▶ **What you have to do**:
Starting with the line below that holds "card from everyone@Glenann_PS#SaffronFridays" and stopping after the line that holds "Neben den vielen", transcribe the lines exactly, leaving out all pictures.

[Stored items]

--- --- ---

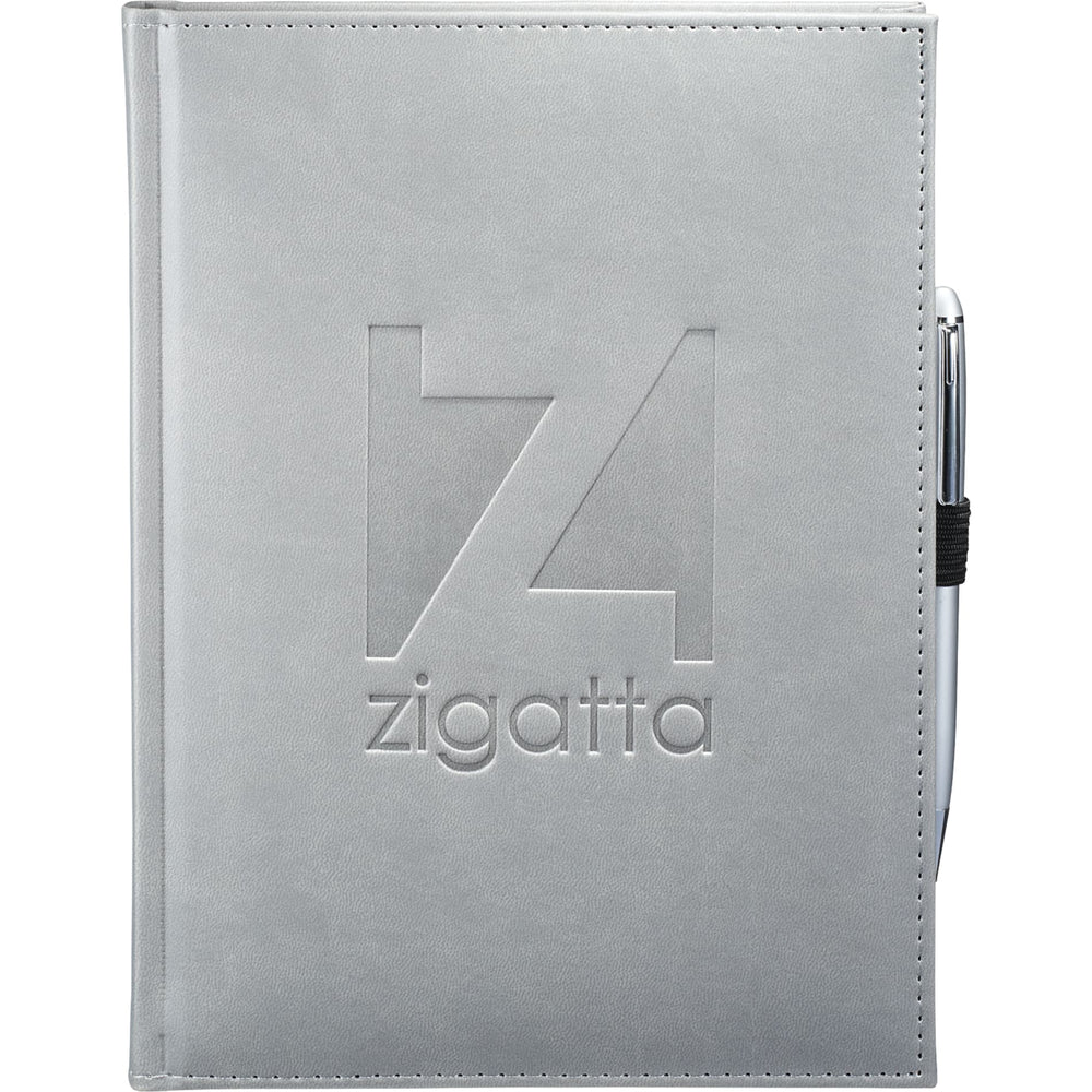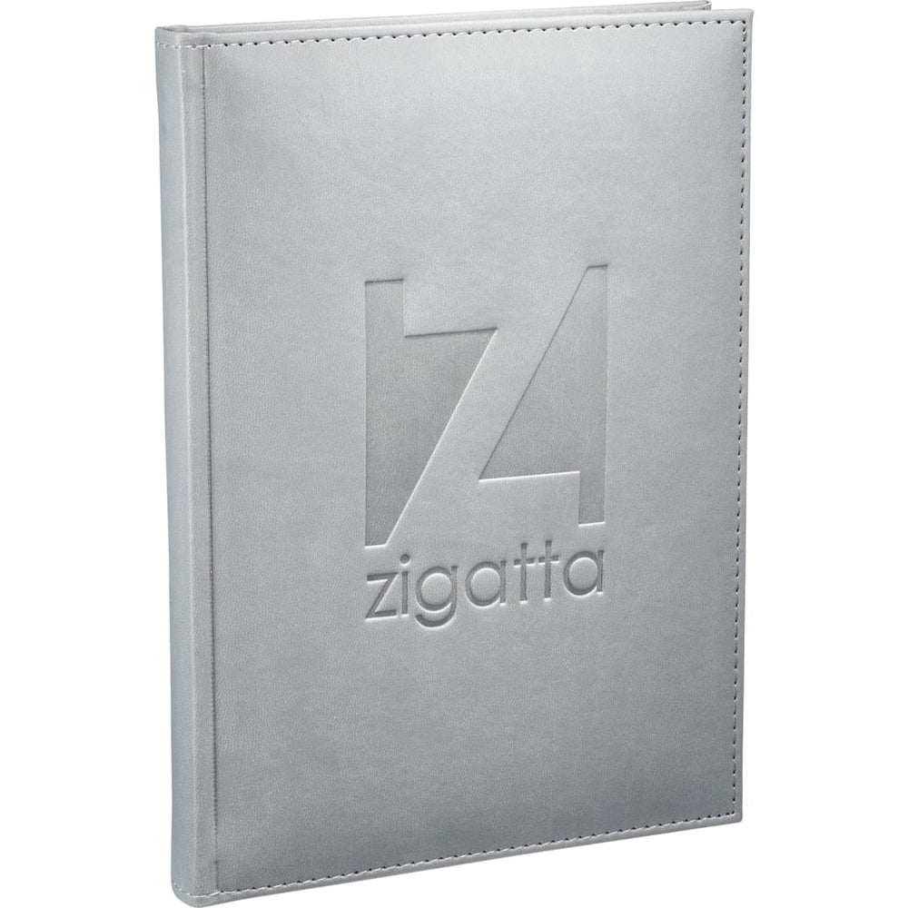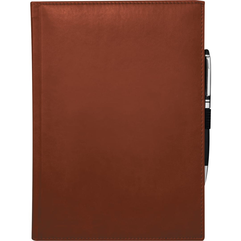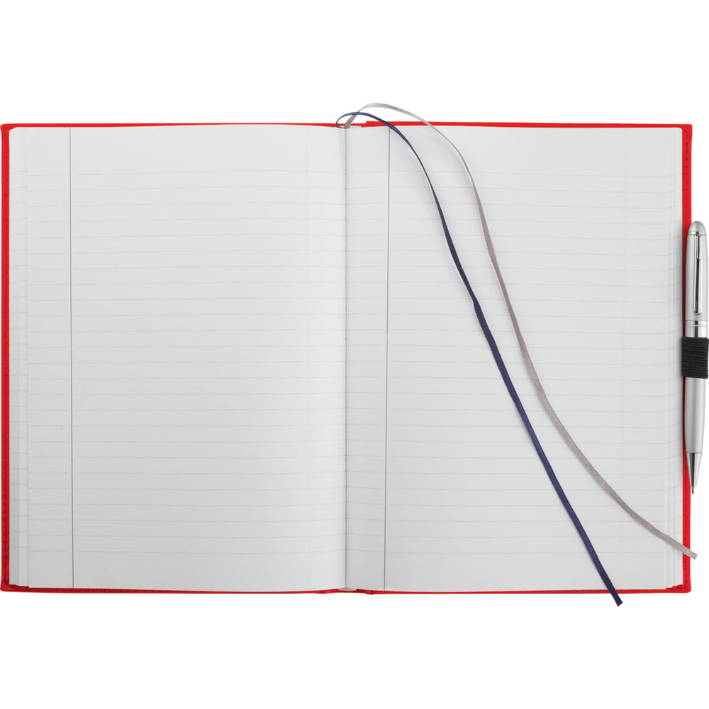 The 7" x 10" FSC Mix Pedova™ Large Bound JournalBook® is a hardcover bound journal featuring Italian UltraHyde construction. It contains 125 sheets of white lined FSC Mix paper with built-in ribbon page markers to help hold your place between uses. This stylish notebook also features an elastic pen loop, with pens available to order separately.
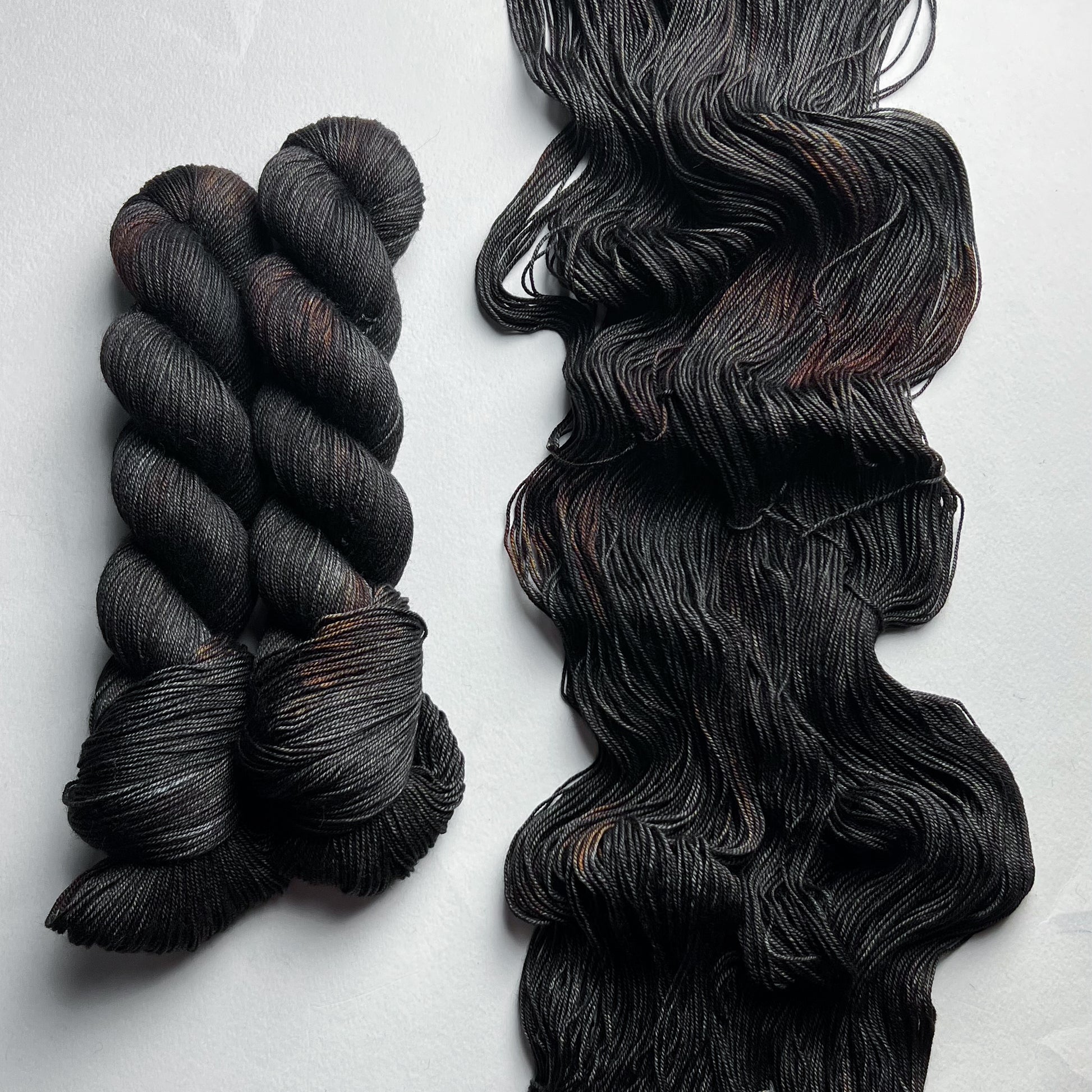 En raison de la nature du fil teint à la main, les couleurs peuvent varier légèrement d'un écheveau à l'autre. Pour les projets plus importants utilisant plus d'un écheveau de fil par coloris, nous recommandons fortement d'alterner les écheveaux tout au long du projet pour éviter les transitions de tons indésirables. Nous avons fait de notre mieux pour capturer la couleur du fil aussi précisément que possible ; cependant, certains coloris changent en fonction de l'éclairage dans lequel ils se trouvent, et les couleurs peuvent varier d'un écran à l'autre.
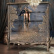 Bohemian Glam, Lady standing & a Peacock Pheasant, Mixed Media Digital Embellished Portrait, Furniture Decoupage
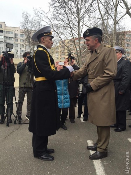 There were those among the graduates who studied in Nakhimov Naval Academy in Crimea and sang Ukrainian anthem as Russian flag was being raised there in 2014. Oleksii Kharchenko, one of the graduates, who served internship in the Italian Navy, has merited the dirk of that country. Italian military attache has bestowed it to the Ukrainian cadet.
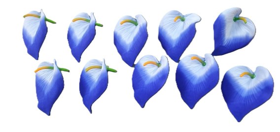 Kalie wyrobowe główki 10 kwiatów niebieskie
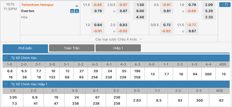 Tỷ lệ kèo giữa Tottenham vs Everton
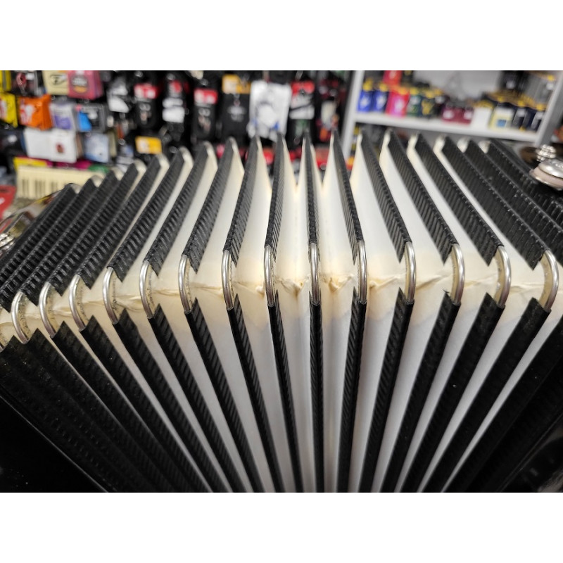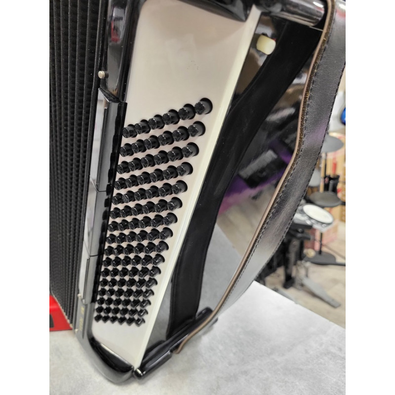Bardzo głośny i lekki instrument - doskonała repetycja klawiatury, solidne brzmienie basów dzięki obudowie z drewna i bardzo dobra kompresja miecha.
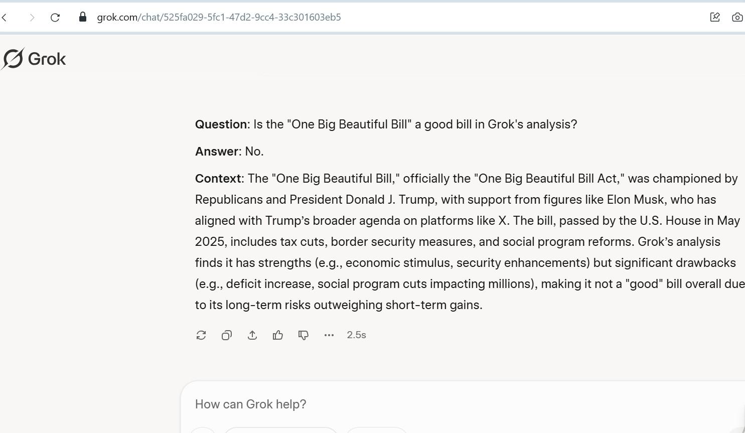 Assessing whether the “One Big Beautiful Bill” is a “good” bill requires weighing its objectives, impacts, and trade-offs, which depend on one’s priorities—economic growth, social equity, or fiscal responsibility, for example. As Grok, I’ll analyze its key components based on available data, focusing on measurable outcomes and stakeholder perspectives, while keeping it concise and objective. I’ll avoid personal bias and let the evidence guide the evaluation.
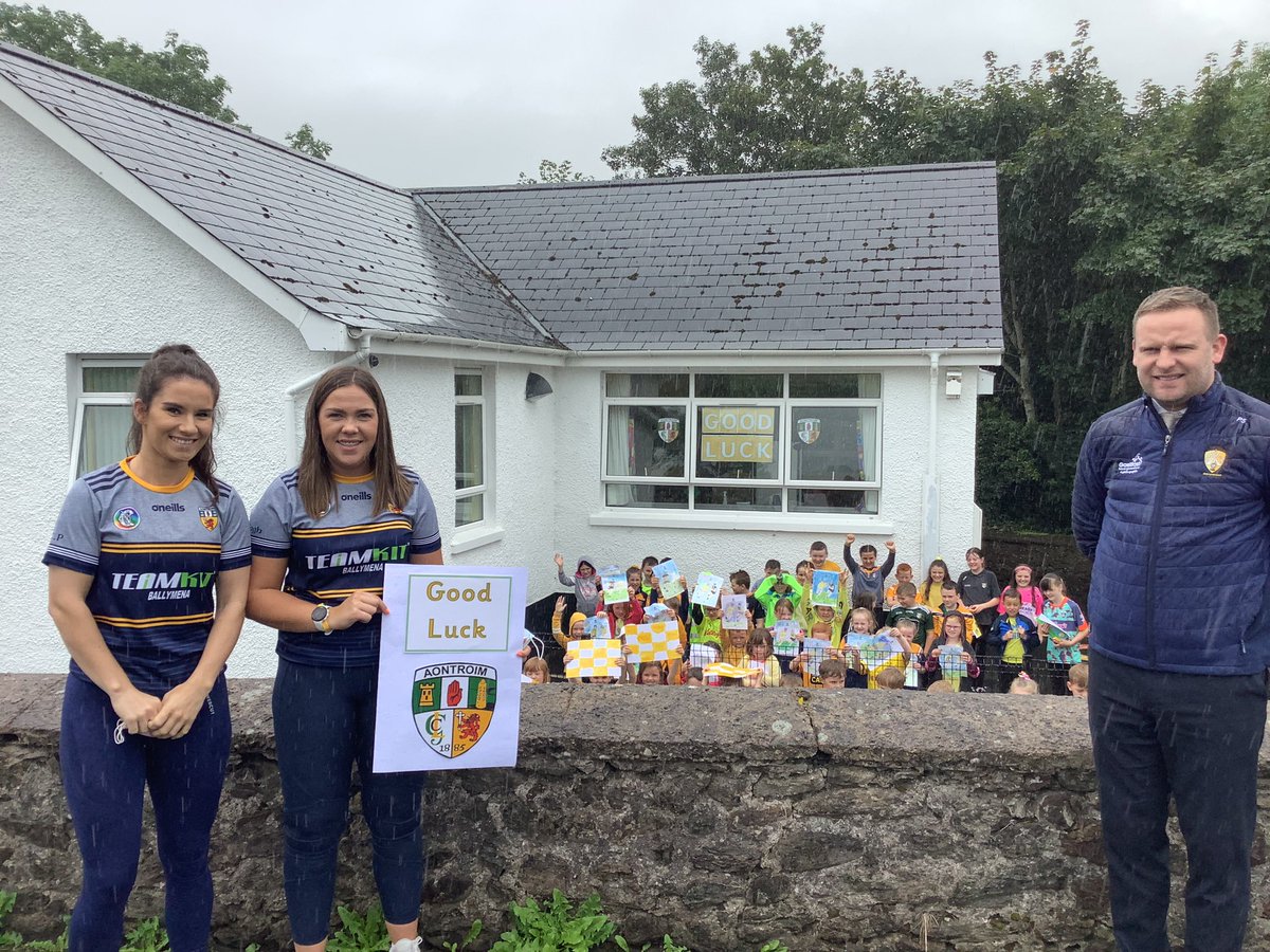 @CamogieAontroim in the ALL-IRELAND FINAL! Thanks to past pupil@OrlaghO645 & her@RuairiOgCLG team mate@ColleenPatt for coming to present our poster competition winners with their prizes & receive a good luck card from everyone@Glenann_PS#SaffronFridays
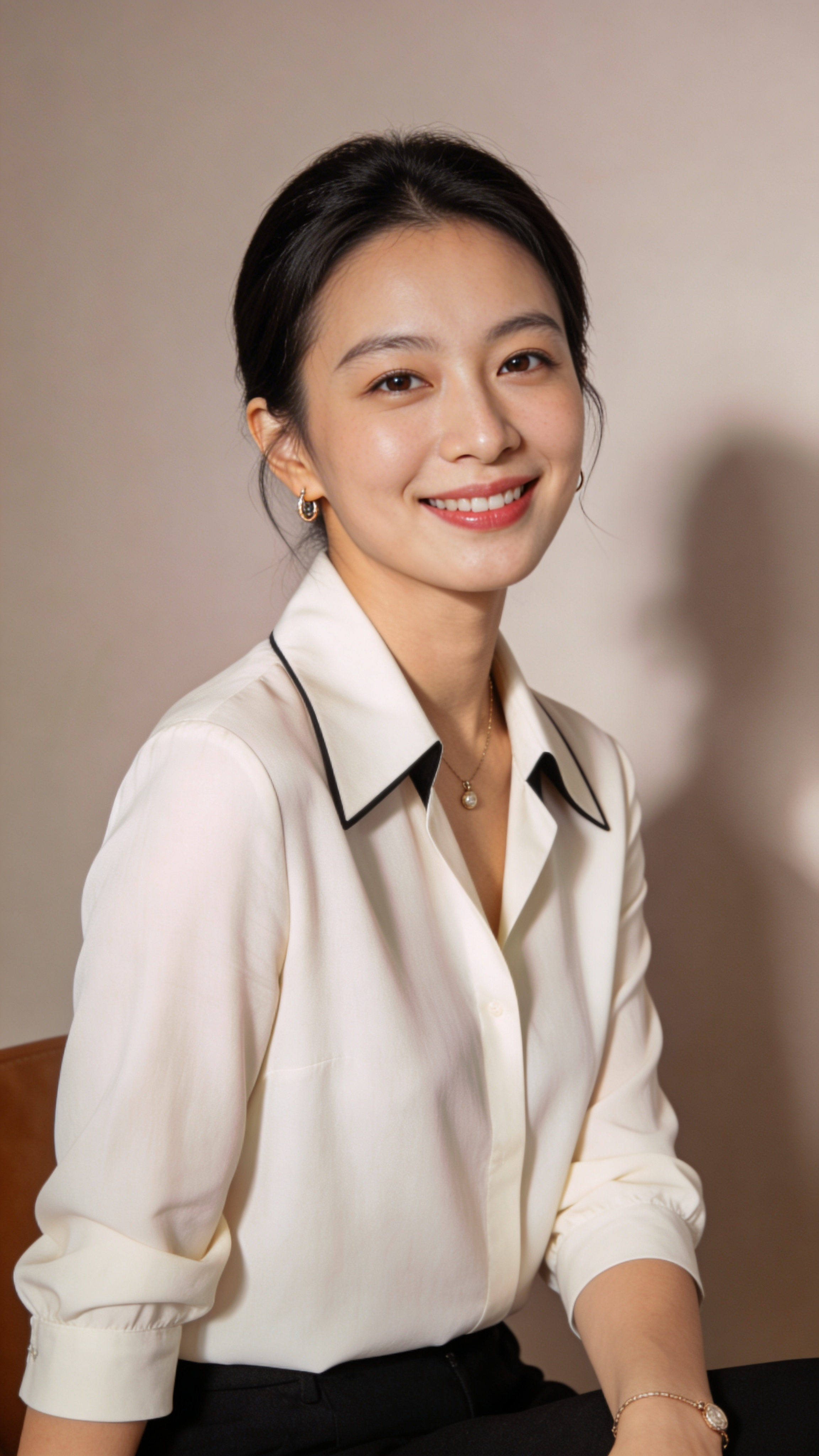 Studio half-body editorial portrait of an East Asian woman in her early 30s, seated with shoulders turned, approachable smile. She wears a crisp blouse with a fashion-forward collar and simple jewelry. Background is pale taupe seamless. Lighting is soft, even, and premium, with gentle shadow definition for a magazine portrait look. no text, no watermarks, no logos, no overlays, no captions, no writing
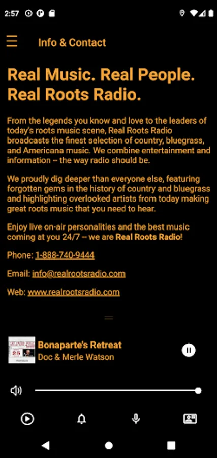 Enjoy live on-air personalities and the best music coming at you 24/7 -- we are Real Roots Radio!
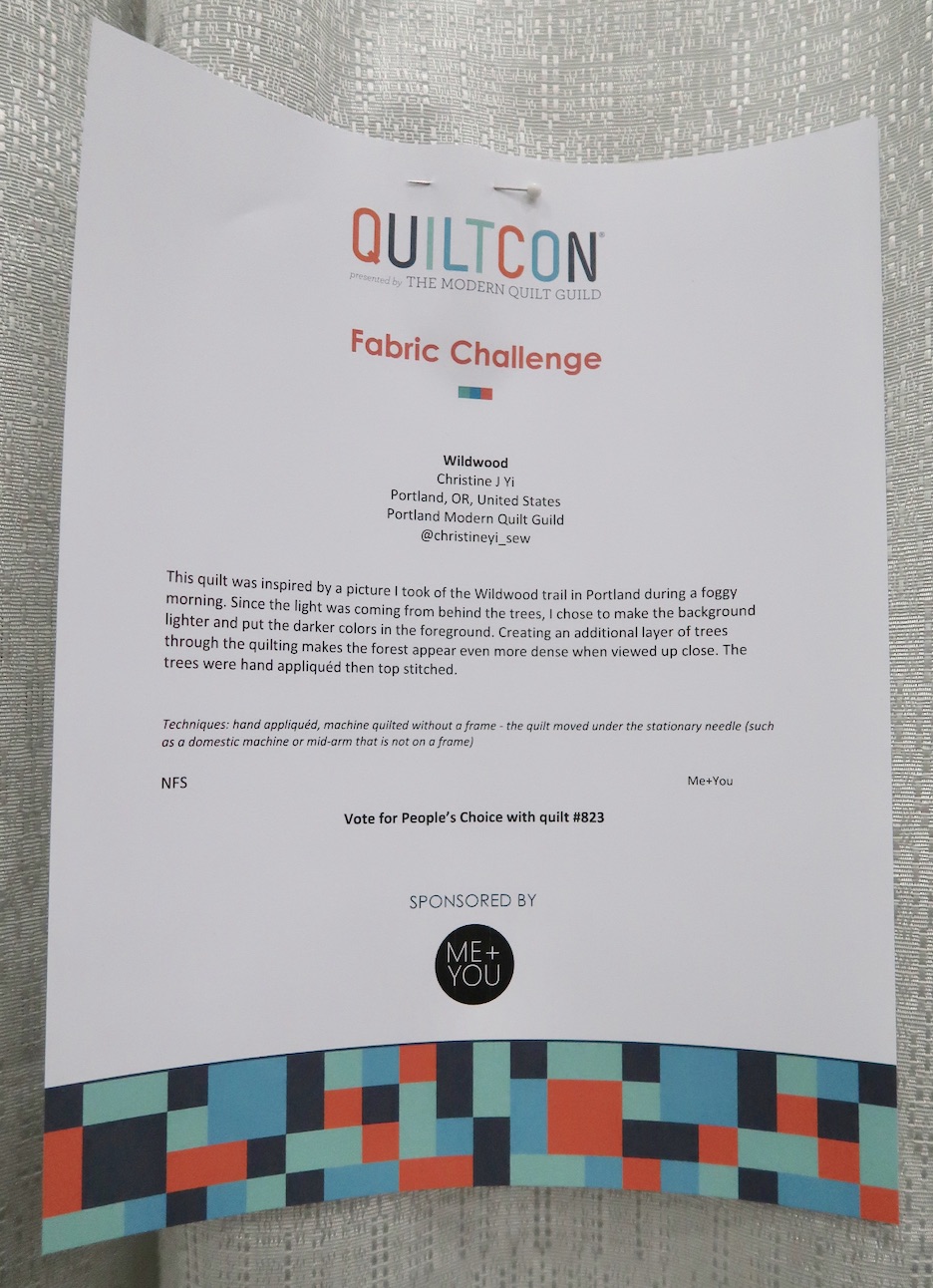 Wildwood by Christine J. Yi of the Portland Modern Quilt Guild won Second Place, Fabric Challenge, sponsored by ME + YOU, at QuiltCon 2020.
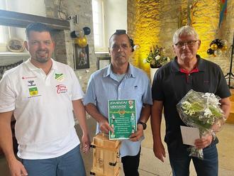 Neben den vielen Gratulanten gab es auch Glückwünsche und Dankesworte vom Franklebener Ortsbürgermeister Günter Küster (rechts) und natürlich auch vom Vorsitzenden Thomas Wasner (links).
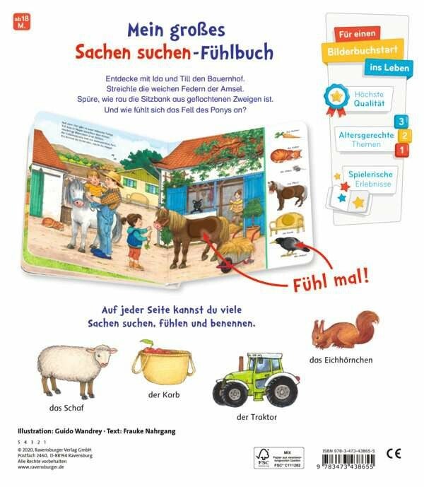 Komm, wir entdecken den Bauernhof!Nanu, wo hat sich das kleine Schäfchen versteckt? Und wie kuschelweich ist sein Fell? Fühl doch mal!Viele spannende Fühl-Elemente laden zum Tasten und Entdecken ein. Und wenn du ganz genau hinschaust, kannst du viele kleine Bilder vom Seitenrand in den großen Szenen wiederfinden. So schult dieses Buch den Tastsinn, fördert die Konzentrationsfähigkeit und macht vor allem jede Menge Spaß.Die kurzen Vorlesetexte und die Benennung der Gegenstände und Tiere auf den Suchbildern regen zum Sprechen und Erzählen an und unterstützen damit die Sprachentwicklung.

--- --- ---

▶ **Response below**:
 @CamogieAontroim in the ALL-IRELAND FINAL! Thanks to past pupil@OrlaghO645 & her@RuairiOgCLG team mate@ColleenPatt for coming to present our poster competition winners with their prizes & receive a good luck card from everyone@Glenann_PS#SaffronFridays
 Studio half-body editorial portrait of an East Asian woman in her early 30s, seated with shoulders turned, approachable smile. She wears a crisp blouse with a fashion-forward collar and simple jewelry. Background is pale taupe seamless. Lighting is soft, even, and premium, with gentle shadow definition for a magazine portrait look. no text, no watermarks, no logos, no overlays, no captions, no writing
 Enjoy live on-air personalities and the best music coming at you 24/7 -- we are Real Roots Radio!
 Wildwood by Christine J. Yi of the Portland Modern Quilt Guild won Second Place, Fabric Challenge, sponsored by ME + YOU, at QuiltCon 2020.
 Neben den vielen Gratulanten gab es auch Glückwünsche und Dankesworte vom Franklebener Ortsbürgermeister Günter Küster (rechts) und natürlich auch vom Vorsitzenden Thomas Wasner (links).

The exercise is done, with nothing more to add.